Positive definite and block matrix

Suppose a $n \times n$ symmetric matrix $\mathbf{M}$ is positive definite. Its block matrix form is written as follow. \begin{align} \mathbf{M} \; = \; \begin{pmatrix} \mathbf{A} & \mathbf{B}\\ \mathbf{B}^{T} & \mathbf{D} \end{pmatrix} \end{align}

Under what conditions can we say that the square matrices $\mathbf{A}$ or $\mathbf{D}$ are also positive definite?

• Every principal submatrix of a positive (semi)definite matrix is positive (semi)definite. Commented Apr 27, 2018 at 11:27
• Related post where it instead asks when is $M$ positive definite: math.stackexchange.com/questions/2280671/…. Commented Apr 27, 2018 at 11:30

As Algebraic Pavel stated correctly:

Every principal submatrix of a positive (semi)definite matrix is positive (semi)definite.

Here some elaborate statements:

If $$A\in\mathbb{R}^{n\times n}$$ is positive definite, then all of its principal submatrices $$a_{1:m,1:m}$$ ($$m=1,\dots, n$$) are positive definite. If $$A$$ is positive semi-definite, then all of its principal submatrices $$a_{1:m,1:m}$$ ($$m=1,\dots, n$$) are positive semi-definite.

This also works for negative (semi)-definite matrices, by simply multiplying the matrix by -1, i.e.

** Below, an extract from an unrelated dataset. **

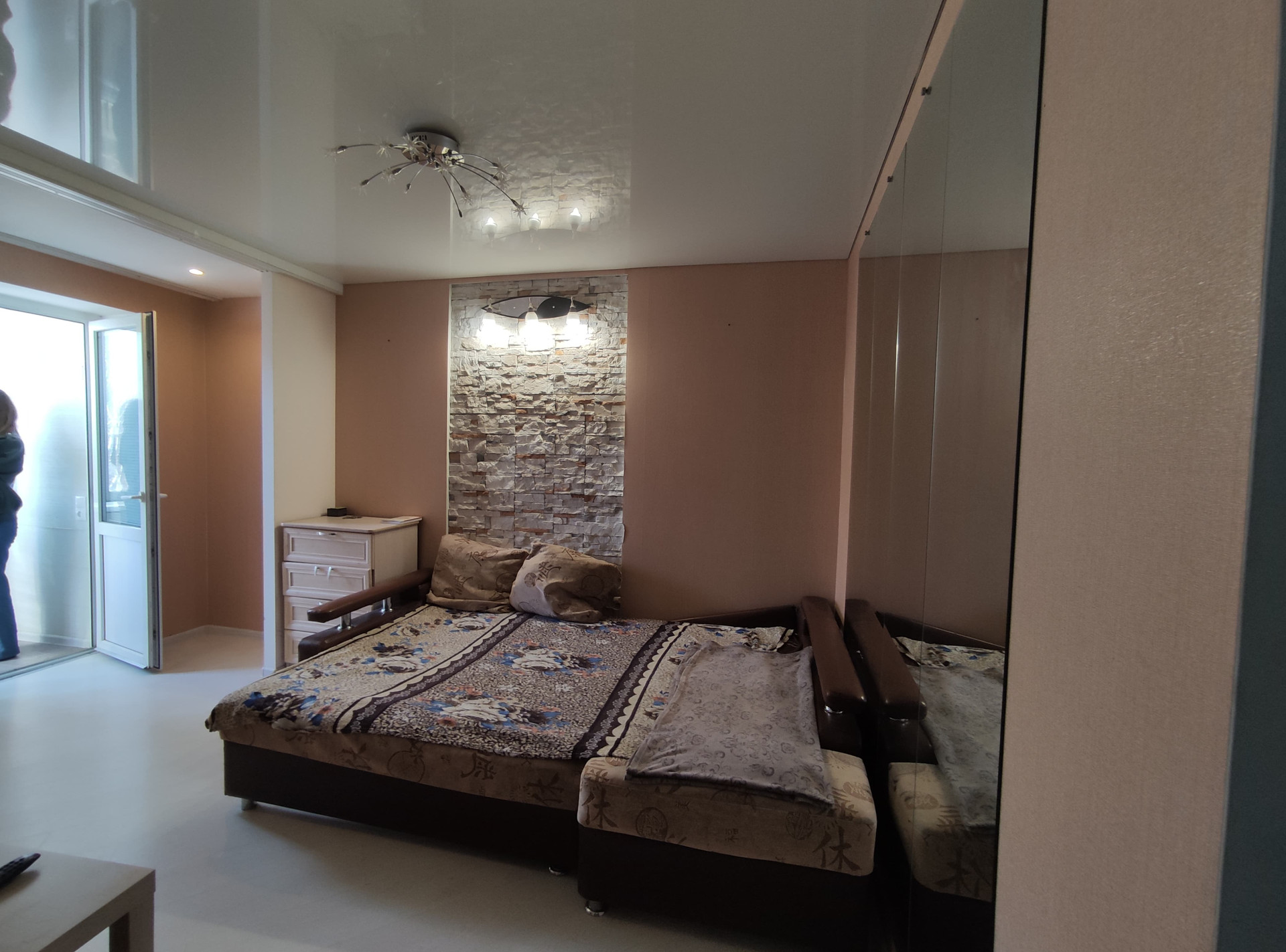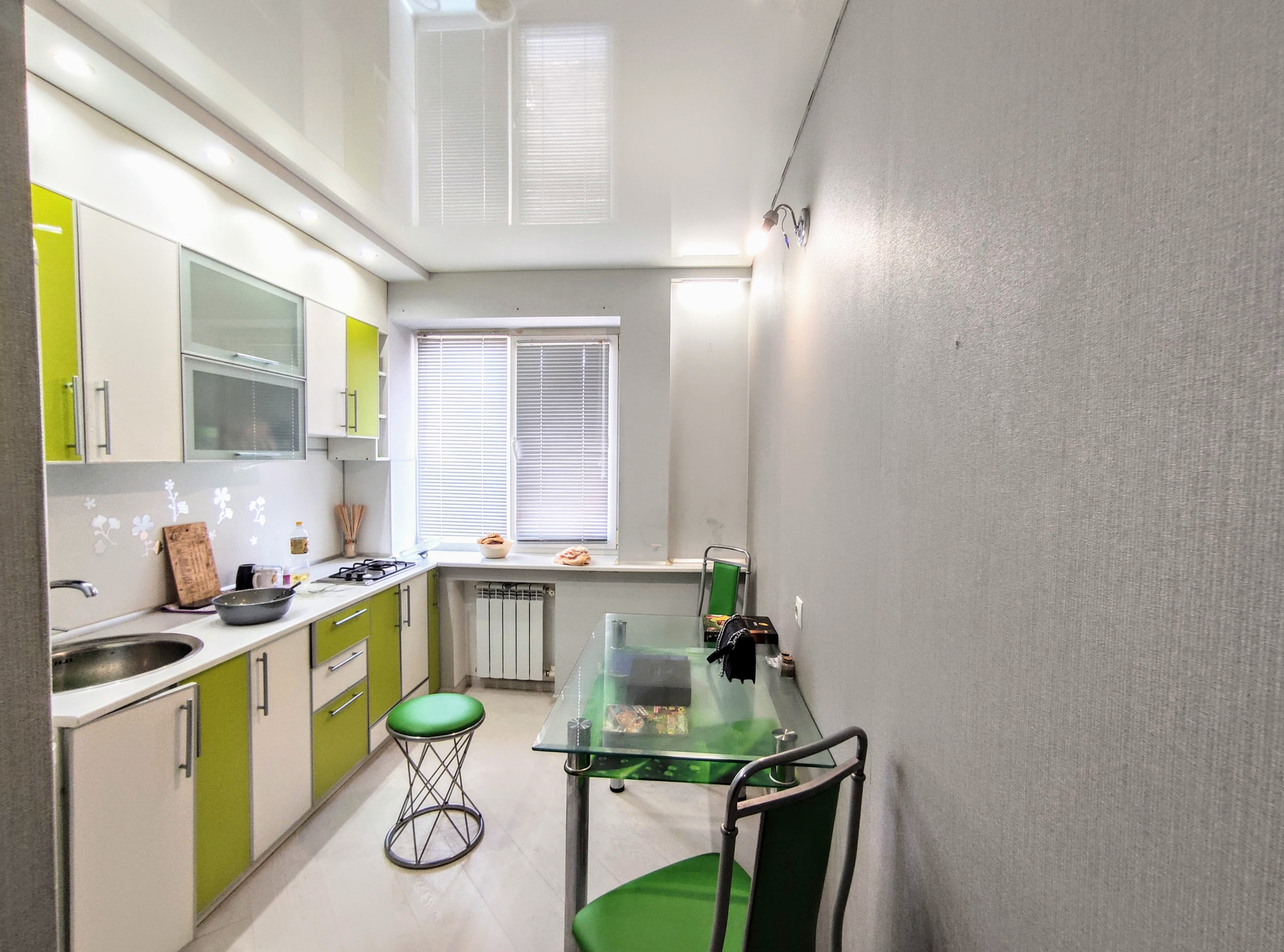 На стенах обои нейтрального цвета, натяжной потолок со встроенным точечным освещением, пол застелен ламинатом. Есть просторная гардеробная комната. Застекленный балкон, имеет выход из комнаты. На кухне, стены оклеены обоями, рабочая зона обшита “фальш-панелью”, натяжной потолок, пол застелен ламинатом. С/у раздельный, облицован плиткой. Установлены металлопластиковые окна. Счетчики на коммуникации. Сплит-система. Входная дверь - металлическая.

If $$-A\in\mathbb{R}^{n\times n}$$ is positive definite, then all of its principal submatrices $$-a_{1:m,1:m}$$ ($$m=1,\dots, n$$) are positive definite. If $$-A$$ is positive semidefinite, then all of its principal submatrices $$-a_{1:m,1:m}$$ ($$m=1,\dots, n$$) are positive semidefinite.

For a reference, see Observation 7.1.2 from Matrix Analysis (Horn, Johnson), 2nd edition.

See also Sylvester's criterion, which is a similar statement regarding principle minors.